I will never get tired of hearing people say that. They get such an undeservedly bad rap.

As an aside, I realized I am very dumb and was over-complicating attaching images to my posts. I have re-attached them and I think they look a lot better now.


----------



## HKayG (Sep 19, 2012)

I actually love that you have pigeons - how did she become unable to fly?


----------



## JackKnife (Sep 19, 2012)

PPMV (pigeon paramyxovirus) is a virus that's very contagious within pigeon flocks. Looksie used to be a wild pigeon, so she hung out with other flocks outside and I suppose she must've picked it up somewhere. Strangely enough, her mate never showed any signs of it. It's characterized by involuntary movements, like her head turning upside-down and sideways and her being unable to stop herself from walking in circles repeatedly. She tries to fly, to get exercise, but usually just ends up doing tight circles barely a foot off the ground and crashing into the furniture.


----------



## Namba (Sep 20, 2012)

JackKnife said:


> PPMV (pigeon paramyxovirus) is a virus that's very contagious within pigeon flocks. Looksie used to be a wild pigeon, so she hung out with other flocks outside and I suppose she must've picked it up somewhere. Strangely enough, her mate never showed any signs of it. It's characterized by involuntary movements, like her head turning upside-down and sideways and her being unable to stop herself from walking in circles repeatedly. She tries to fly, to get exercise, but usually just ends up doing tight circles barely a foot off the ground and crashing into the furniture.


Aawwww  Poor thing.


----------



## JackKnife (Sep 20, 2012)

Well, as I type, she's currently throwing a small stuffed Pokemon toy in the air and across the floor... despite her condition, I think she's learned to have fun with life.


----------



## Potty (Sep 20, 2012)

I'm going to be the bad guy here... I like pigeons, so long as they are plucked and in my cooking pot. I can't imagine having one as a pet.

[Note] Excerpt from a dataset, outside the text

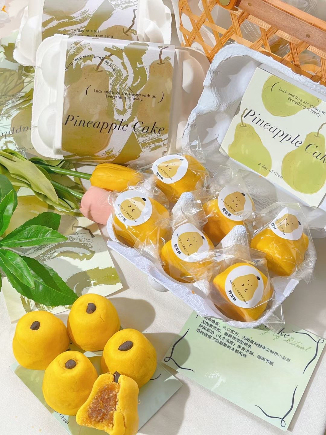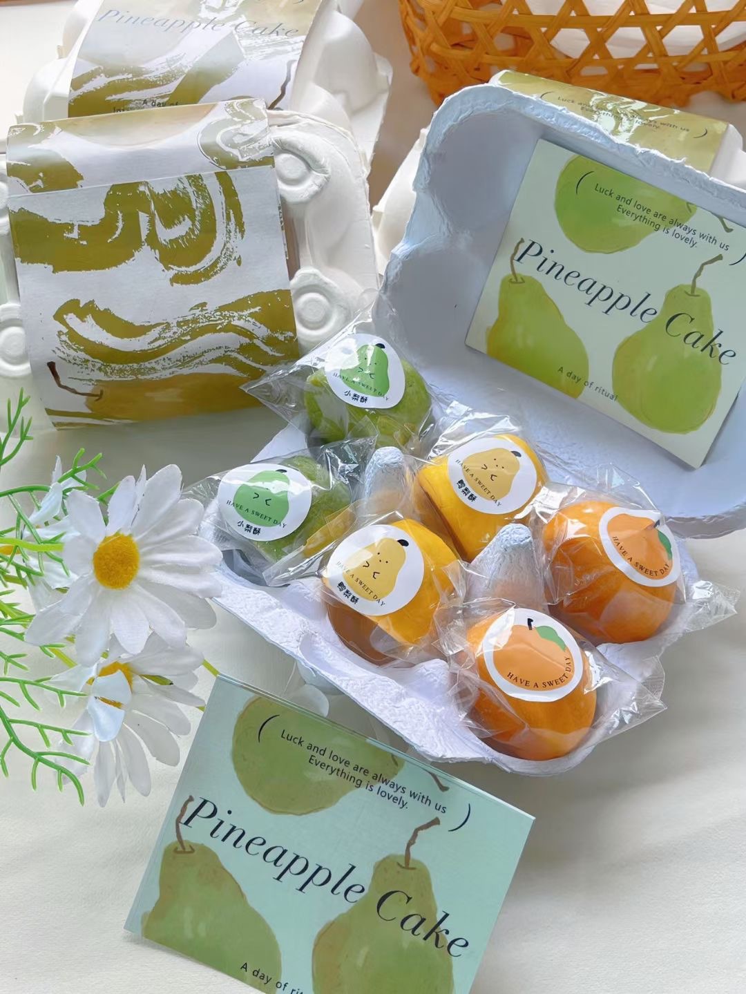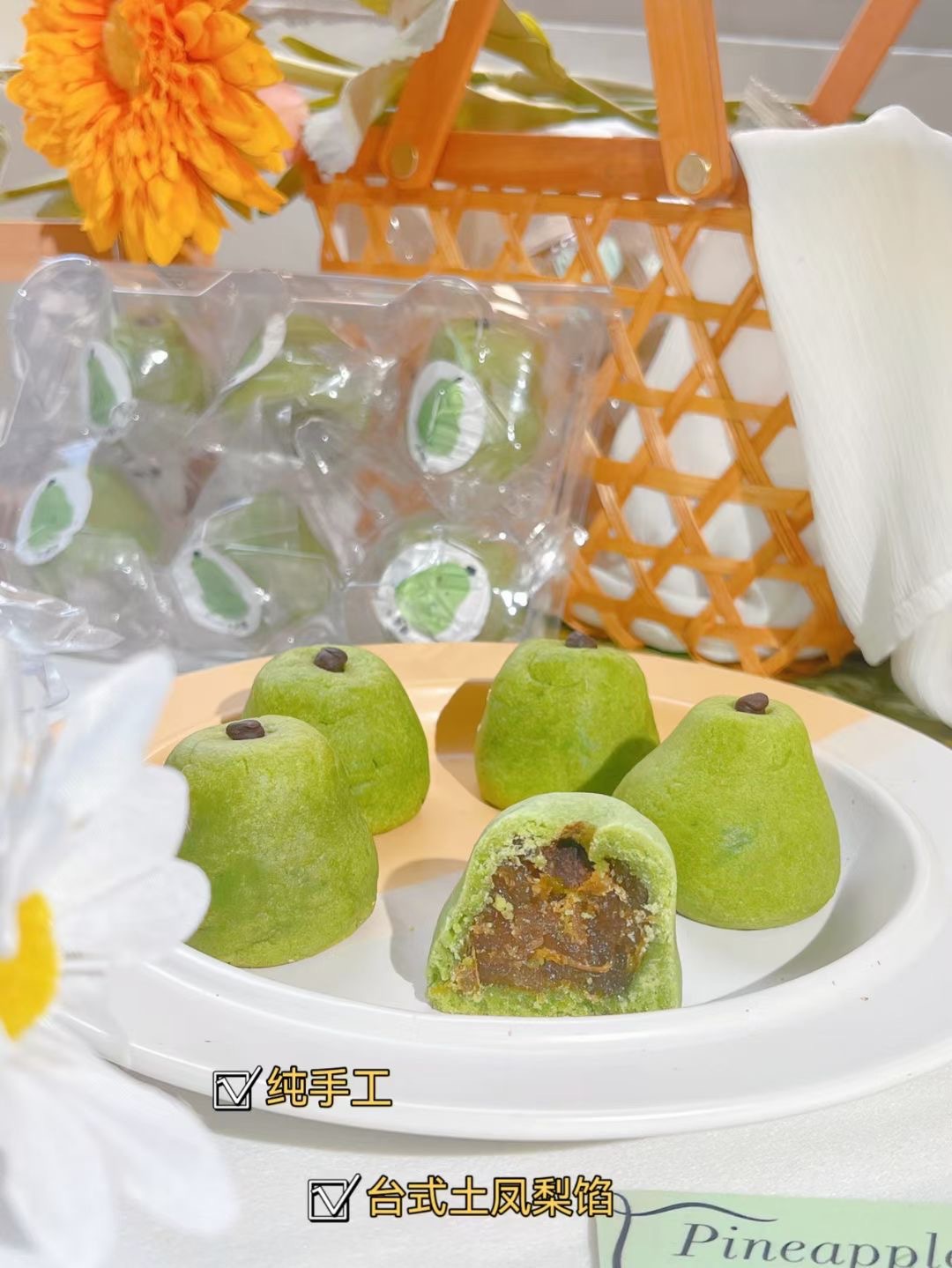 • 새로운 중국 파인애플 케이크 (녹색 배 6 팩) 투명 상자

But yes they are very clever. They will land right next to me when I'm without any form of firearm, but the second I'm 'packing heat' they spot me a mile off and I can't get close. I've had to resort to covert tactics which requires a trench coat and a cunning one liner which goes something like;

*Pulls gun out from inside coat and aims down barrel* "Do you feel clucky punk? Well? Coo ya?"


----------



## JackKnife (Sep 20, 2012)

Potty said:


> I'm going to be the bad guy here... I like pigeons, so long as they are plucked and in my cooking pot. I can't imagine having one as a pet.


They're a different pet, to be sure, but I enjoy showing people just how loving and intelligent they can be. Looksie will show visible distress in the evenings if she is not held, petted, and cuddled with for about 30 minutes before bedtime. She will take it out on me in the morning if we have missed snuggle time the night previous.

Nibbler, being able to fly, is more wont to perch on shoulders and heads and request transit across the house when she's feeling particularly lazy. Otherwise, she will sit on your shoulder, read books with you, kiss your ear, and lay eggs for you every month without fail.

There is just such a problem with people equating these birds with anything more than vermin or dumb street birds because no one has ever taken the time to study them in a different light. I like to think these two chose me and I'm happy they have, because I've learned so much from them.


----------



## Potty (Sep 20, 2012)

How did you end up with them as pets? (nice pictures by the way, I won't mention how I usually get a close up of a pigeon) And what do you do with the eggs? Eat them?

I live in the country so I deal mostly with woodpigeon. Don't see many feral where I live.


----------



## JackKnife (Sep 20, 2012)

Potty said:


> How did you end up with them as pets? (nice pictures by the way, I won't mention how I usually get a close up of a pigeon) And what do you do with the eggs? Eat them?
> 
> I live in the country so I deal mostly with woodpigeon. Don't see many feral where I live.


These were both wild birds at one time, but I'm the type that feeds everyone who comes to my yard. When I lived in an apartment, they came to my balcony and used my barbecue tarp for a nesting spot. The barbecue didn't work anyway - I was just too lazy to throw it out - so I didn't care. I would put out dishes of sunflower seeds for them and they loved it. They would have their babies and move on.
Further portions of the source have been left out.